The shape and size of mammal scat will tell you the most about who left it. This table will help you to decide what kinds of mammals might have left some scat that you find.

The scat of many wild carnivores, such as coyotes and foxes, will be thick with the fur of the animals they've eaten. The photo above shows aged coyote scat. The photos below show raccoon scat.

photo of raccoon feces

Thick Tube Shaped Scat: Dog, Raccoon, Skunk, Opossum, Wolverine, and Bear

Water Drop Shaped Scat: Cat family

Wide Thread Shaped Scat: Weasel family

photo of Eastern Cottontail scat

Tiny and Round Scat: Rabbits and Hares

photo of White-tailed Deer scat

Pill Shaped Scat: Deer

photo of White-footed Mouse scat

Long and Thin Scat: Rodents

photo of bat guano (Myotis species)

Bat guano is usually small, dry, oval pellets. Guano collects under roost sites (where they sleep during the day), so you often see bat guano in small piles.

Long and Thin Scat: Bats

side-by-side comparison of White-tailed Deer and Eastern Cottontail droppings

Deer and rabbit droppings are often confused. This picture shows how to tell them apart.

Birds

bird droppings on a rail

photo of grouse droppings in the snow, with pocket knife for scale reference

grouse droppings in snow

Bird droppings are a good way to find out if a bird has been around. If you find a lot of it under a tree or building ledge, it might mean that the birds have nests in the tree, like to roost there, or that the tree provides something they like to eat. There are as many different kinds of bird droppings as there are birds, but it is hard to tell what kind of bird left it. Sometimes, though, we can tell what kind of food they have been eating by looking at their droppings.

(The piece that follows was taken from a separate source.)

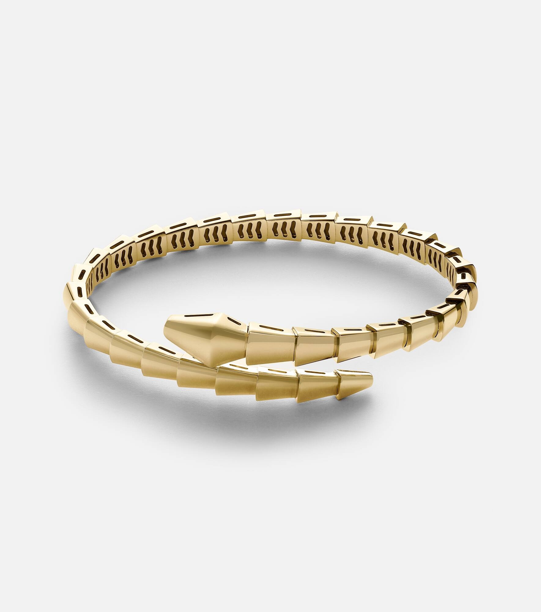 A reinvented emblem of Bvlgari's legacy, the Serpenti Viper bracelet showcases timeless elegance in a distinctively curved silhouette. Crafted from 18-karat gold, the design stands out with stylized scale accents. Product Details - Material: 18kt yellow gold - Made in Italy - Item number: P01030230 Size & Fit - Max. width 12mm-0.45"

Bird droppings usually look like colored paint blotches because they have fallen from a long way to get to the ground. Sometimes bird droppings are more three-dimensional if they are left on branches or by a bird that was on the ground at the time.

Most bird droppings are pasty and white, but some are different. The photo to the right shows grouse droppings, which are not pasty or white.

There are also things called pellets, which are the undigested bones and hair that owls, eagles, and hawks spit up. Pellets are mostly round and are not scat, but should still be handled with the same caution.

Invertebrates

Photo of cockroach droppings

cockroach droppings

Invertebrates leave droppings, too, usually very small ones. Here is a picture of cockroach droppings with a metric ruler to show the scale.

earthworm castings on a log

Earthworm castings are an interesting kind of scat. Earthworms dig tunnels in the ground by eating dirt. They often leave small, neat piles of smooth dirt on the ground. Though this dirt has been through their bodies, it is virtually the same as any other dirt.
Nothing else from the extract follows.